* _BRIEF_
The required output is the exact run of lines below that opens at the line with "ESC MAN STUDIO/自制 夏季新品 高級感漸層紋理休閒長袖T恤上衣" and closes at the line with "- Môi trường".

* _SUPPLIED MATERIAL_

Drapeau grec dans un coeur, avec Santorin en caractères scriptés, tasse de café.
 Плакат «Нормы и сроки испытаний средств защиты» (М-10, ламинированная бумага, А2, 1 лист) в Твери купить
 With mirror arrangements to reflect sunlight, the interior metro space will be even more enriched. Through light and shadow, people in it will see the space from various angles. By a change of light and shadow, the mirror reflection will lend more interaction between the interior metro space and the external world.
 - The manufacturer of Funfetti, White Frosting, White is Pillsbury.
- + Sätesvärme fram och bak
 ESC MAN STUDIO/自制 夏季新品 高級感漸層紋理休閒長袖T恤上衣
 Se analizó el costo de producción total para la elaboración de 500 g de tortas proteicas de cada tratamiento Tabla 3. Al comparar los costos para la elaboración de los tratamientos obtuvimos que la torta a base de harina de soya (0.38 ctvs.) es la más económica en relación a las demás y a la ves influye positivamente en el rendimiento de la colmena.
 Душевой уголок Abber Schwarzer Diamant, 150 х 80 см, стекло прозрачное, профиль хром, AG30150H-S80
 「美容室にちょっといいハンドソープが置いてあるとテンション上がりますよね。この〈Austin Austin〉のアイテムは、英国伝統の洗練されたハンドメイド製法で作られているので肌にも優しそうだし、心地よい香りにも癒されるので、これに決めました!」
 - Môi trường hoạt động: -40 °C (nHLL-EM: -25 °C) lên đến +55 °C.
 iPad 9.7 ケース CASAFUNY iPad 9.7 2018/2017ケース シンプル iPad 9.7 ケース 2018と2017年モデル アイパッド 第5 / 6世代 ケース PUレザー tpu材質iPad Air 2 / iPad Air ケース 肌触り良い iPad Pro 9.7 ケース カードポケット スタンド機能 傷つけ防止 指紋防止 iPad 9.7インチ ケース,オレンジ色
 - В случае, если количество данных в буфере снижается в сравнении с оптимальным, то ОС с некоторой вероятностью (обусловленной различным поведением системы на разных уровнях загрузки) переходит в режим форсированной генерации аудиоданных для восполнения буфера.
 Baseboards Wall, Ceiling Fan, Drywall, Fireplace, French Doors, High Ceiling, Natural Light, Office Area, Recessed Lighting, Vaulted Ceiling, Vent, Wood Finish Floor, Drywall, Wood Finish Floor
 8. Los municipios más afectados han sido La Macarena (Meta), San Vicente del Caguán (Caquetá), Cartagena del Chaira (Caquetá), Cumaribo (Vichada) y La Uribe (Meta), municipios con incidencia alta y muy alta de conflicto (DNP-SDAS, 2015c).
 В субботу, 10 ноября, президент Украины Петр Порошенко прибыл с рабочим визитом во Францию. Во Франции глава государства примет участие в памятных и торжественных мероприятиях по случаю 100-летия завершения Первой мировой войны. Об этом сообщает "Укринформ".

* _TASK OUTPUT_
 ESC MAN STUDIO/自制 夏季新品 高級感漸層紋理休閒長袖T恤上衣
 Se analizó el costo de producción total para la elaboración de 500 g de tortas proteicas de cada tratamiento Tabla 3. Al comparar los costos para la elaboración de los tratamientos obtuvimos que la torta a base de harina de soya (0.38 ctvs.) es la más económica en relación a las demás y a la ves influye positivamente en el rendimiento de la colmena.
 Душевой уголок Abber Schwarzer Diamant, 150 х 80 см, стекло прозрачное, профиль хром, AG30150H-S80
 「美容室にちょっといいハンドソープが置いてあるとテンション上がりますよね。この〈Austin Austin〉のアイテムは、英国伝統の洗練されたハンドメイド製法で作られているので肌にも優しそうだし、心地よい香りにも癒されるので、これに決めました!」
 - Môi trường hoạt động: -40 °C (nHLL-EM: -25 °C) lên đến +55 °C.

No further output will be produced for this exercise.